A year ago, 78 percent of U.S. consumers said they would rather buy an American-made product than an imported one. According to a new study, an entirely different sentiment exists today.
The Associated Press and market research firm GfK polled more than 1,000 Americans aged 18 and older Mar. 31-Apr. 1 on topics ranging from healthcare to ISIS and discovered that 71 percent said they would like to buy items made in the U.S. but high prices and limited availability prevent them from doing so.
Moreover, only 9 percent said they buy American-made goods, even if they cost more or are more difficult to find, while 17 percent were indifferent.

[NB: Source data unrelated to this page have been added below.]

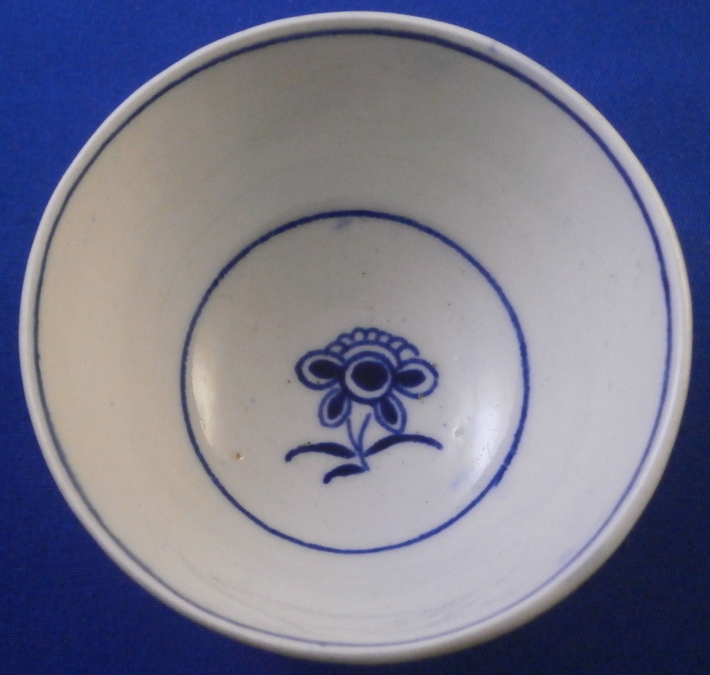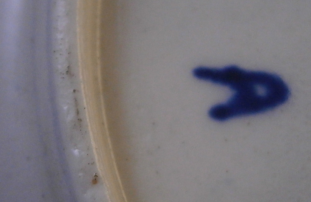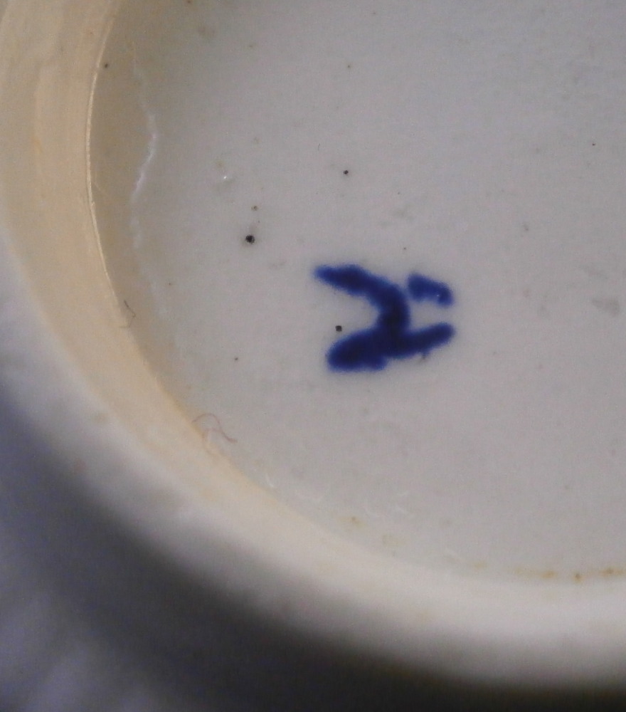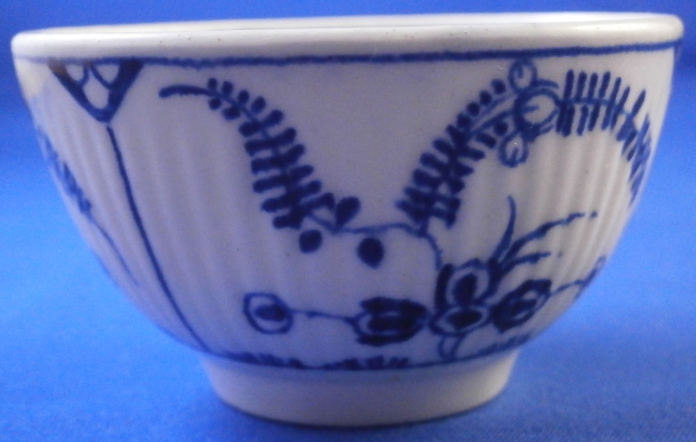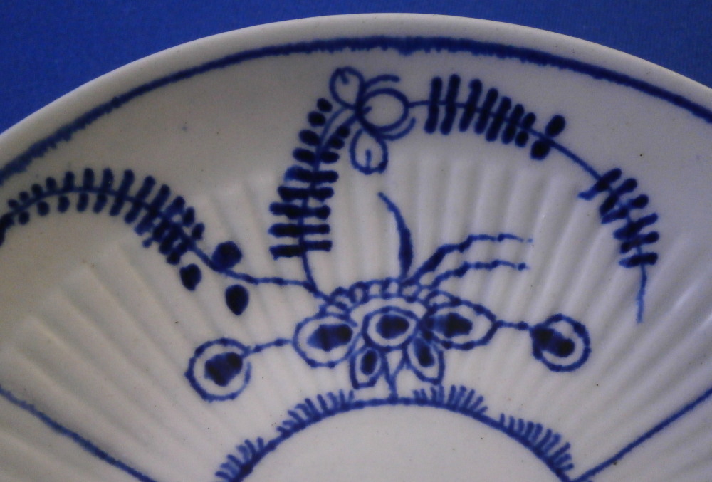 This is a nice cup and saucer made by Worcester in the 18th century. The set is hand painted in under glaze blue with a version of a strawflower pattern with a ribbed design to the paste. Very much like German pieces from the Thuringia area! I think they call it Immortelle pattern. Not a design you see too often and this is a small cup and saucer (possibly for a child ) so it looks great and is easy to display. Being hand painted is also a bonus as many of their wares were printed. I especially like the flower to the bottom inside of the cup! Both the cup and the saucer are in superb condition. No real issues but there is the occasional black firing spot normal to these early wares. The cup and saucer are each marked with a hand painted open blue crescent mark as shown. a bit messy but you can recognize it with a bit of imagination :) The cup is 1.375 inches tall and 2.5 inches in diameter. The saucer is 0.875 inches tall and 4.125 inches in diameter. Please email me for more information or other pictures.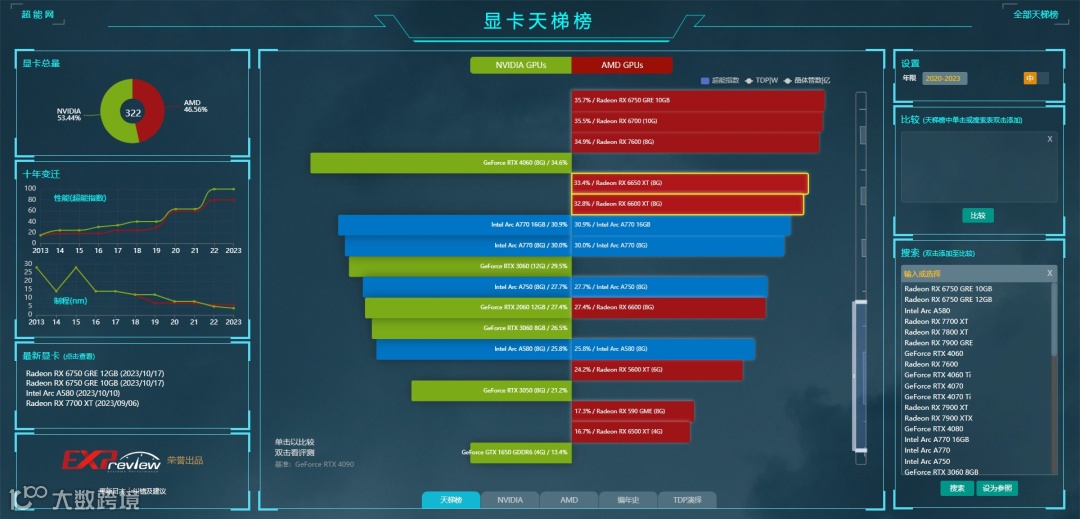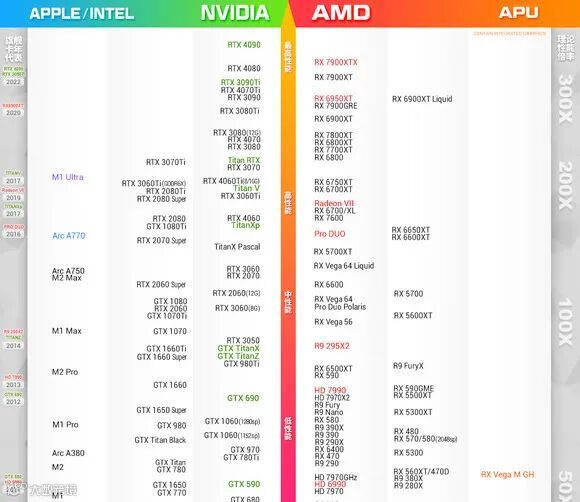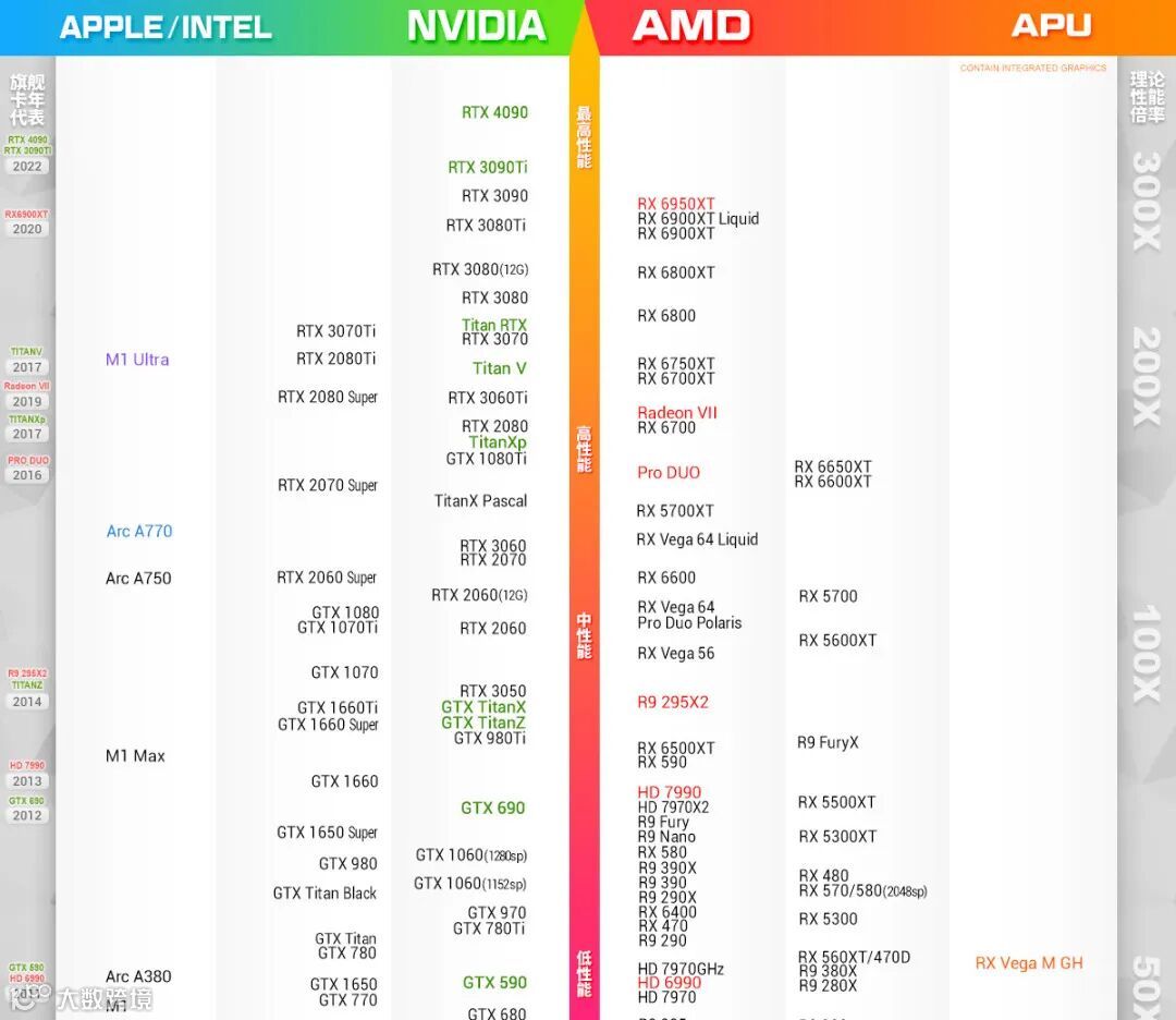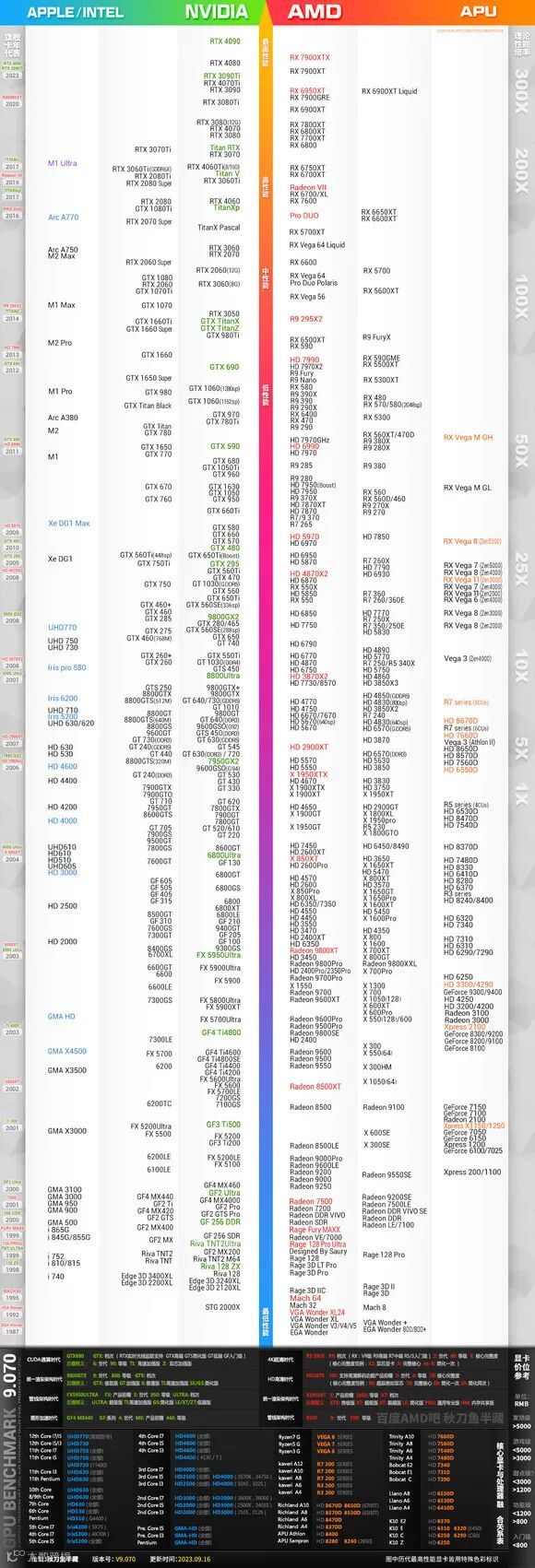 来自AMD贴吧大神秋刀鱼半藏的显卡天梯图,数据可能更接近用户体验层面。在11月19日的最新版本中: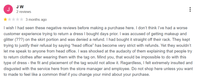 “真希望我在来这里购物之前就看过这些差评。我从没遇到过比这次更糟糕的退货体验。我尝试退回一条几天前刚买的连衣裙,却被指控说我把化妆品和亮粉(???)弄到了裙子的下摆上,因此拒绝给我退款。他们不断为拒绝退款找理由,说‘总部现在对退货要求非常严格’,但同时又不允许我与总部的任何人沟通。让我震惊的是,他们还振振有词地解释说:‘很多人会在穿过衣服后,还带着吊牌来退货。’可问题是,这条裙子的版型和吊牌位置,根本不可能在穿过的情况下还保留吊牌。无论如何,这家店的经理和员工的服务态度让我感到极度被羞辱和恶心。如果你不想在改变主意想退货时,被当成一个小偷一样对待,千万不要来这家店购物。”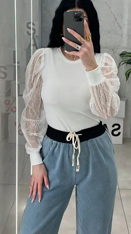 Μπλουζα ριπ με μανίκι δαντέλα .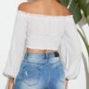 Blouse Élégante Femme à Manches Bouffantes et Bretelles Dénudées avec Ourlet Froncé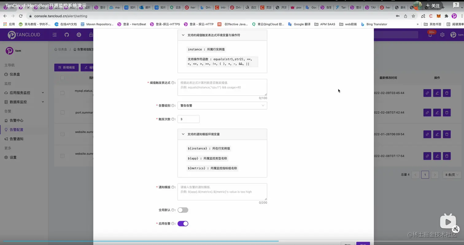 HertzBeat 赫兹跳动 是由 Dromara 社区孵化, TanCloud 开源的一个支持网站, API , PING ,端口,数据库,操作系统等监控类型,拥有可视化操作界面的开源监控告警项目。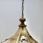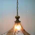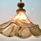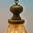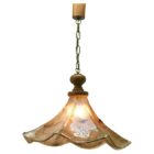 This carefully made glass lampshade with streaks of green on a glass base and a delicate green edge along the ruffled edge provides the color contrast. The body picks up the colour from the lamp-bulb and gives a strong downlight suitable for hanging over a table, or a central position in the room.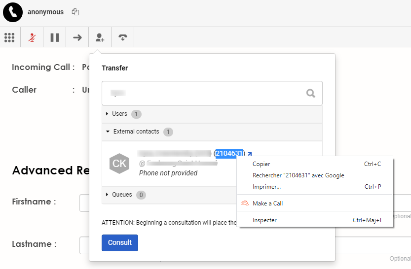 There are stores with long numbers (e.g +33xxxxxxxx), in this case, I create the store in External Contacts and the agents just type the name of the store and they can directly call them.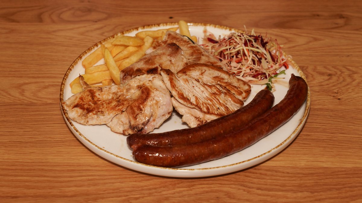 Laks kare 180g, pileći file 180g, kobasica 140g, vitaminska salata 50g i pomfrit 100g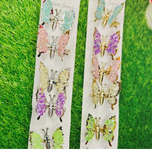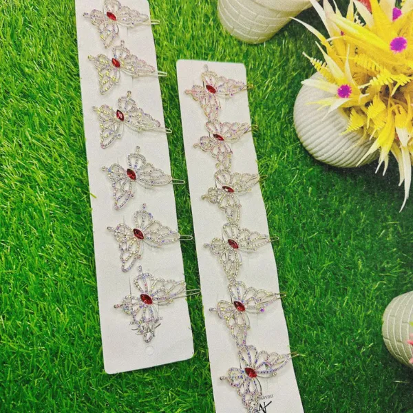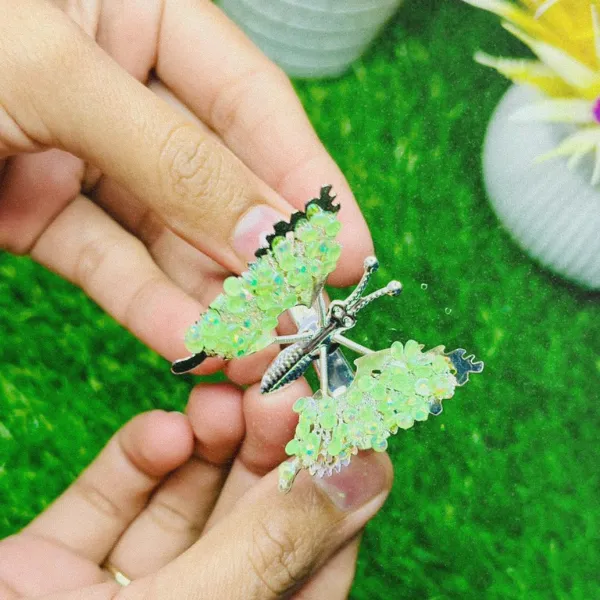 + Free Shipping (on RS 2000 order)A charming butterfly hair clip embellished with sparkling crystals to add a playful yet elegant touch to your hairstyle. Perfect for casual looks, parties, and cute everyday styling. This butterfly clip is designed with a sturdy metal base and detailed crystal embellishments that catch the light beautifully.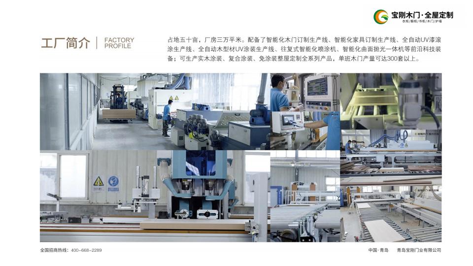 公司占地五十亩,拥有三万平米的厂房,引进多条智能化生产线,专注于实木涂装、复合涂装及免涂装整屋定制,日产木门超过300套。宝刚坚持“以人为本”的管理原则和“技术为先”的创新策略,不断推动产品和服务的升级,确保品质与市场领先地位。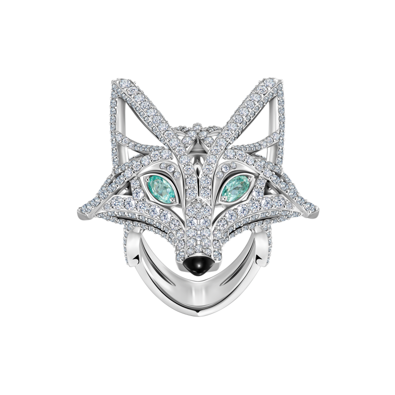 Кольцо с турмалинами параиба, бриллиантами и агатом

When those surveyed were asked what they would do if they had the option to purchase $50 pants made overseas or an $85 pair made in the U.S., 67 percent said they would choose the cheaper of the two.
Despite much mudslinging from the presidential candidates over the Trans-Pacific Partnership, more respondents said free trade agreements with other countries don’t make much of a difference to (37 percent) or are good for (33 percent) the American economy than those who said they were bad (27 percent).
But while nearly half (46 percent) said these deals decrease the number of jobs available to American workers, 40 percent said they don’t make much of a difference and 48 percent said they don’t really impact wages here. Additionally, 81 percent said they don’t personally have a close friend or relative who lost a job because it was moved overseas.